The labor movement, and teachers unions in particular, has failed to challenge the Obama administration’s contention that education is the panacea for the nation’s economic malaise.  As labor shrinks back, its “friends” in the Democratic Party (not to speak of its avowed enemies among the Republicans), cast education as the key to economic revitalization. From employment to housing, social policy depends on accepting reforms that are destroying everything that makes school engaging, fulfilling, and enlightening. Arne Duncan’s announcement of community improvement grants, which will encourage gentrification and charter schools to serve the new demographic, puts the administration’s stance quite clearly: “Communities across the country recognize that education is the one true path out of poverty.”
Education is the “one true path out of poverty”? The first tip off that we’re dealing with propaganda and not anything for which there is evidence is the term “the one true path.” What about jobs that pay enough for people to survive without food stamps? What about health care? How about housing?

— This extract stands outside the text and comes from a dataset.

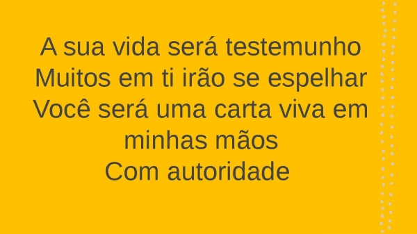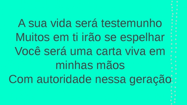 - A sua vida será testemunhoMuitos em ti irão se espelharVocê será uma carta viva em minhas mãosCom autoridade

 Education can democratize access to the labor market but it can’t change the number or type of jobs that capitalism is creating.  Sure we  need to work at improving schools that serve the kids who most need a superior education to compete for the diminishing number of well-paid jobs. But the way out of poverty is to put people to work. Labor has been cowardly and disoriented about pushing the Obama administration to create well-paying jobs, and that, not education reform, is what all the unions should be demanding.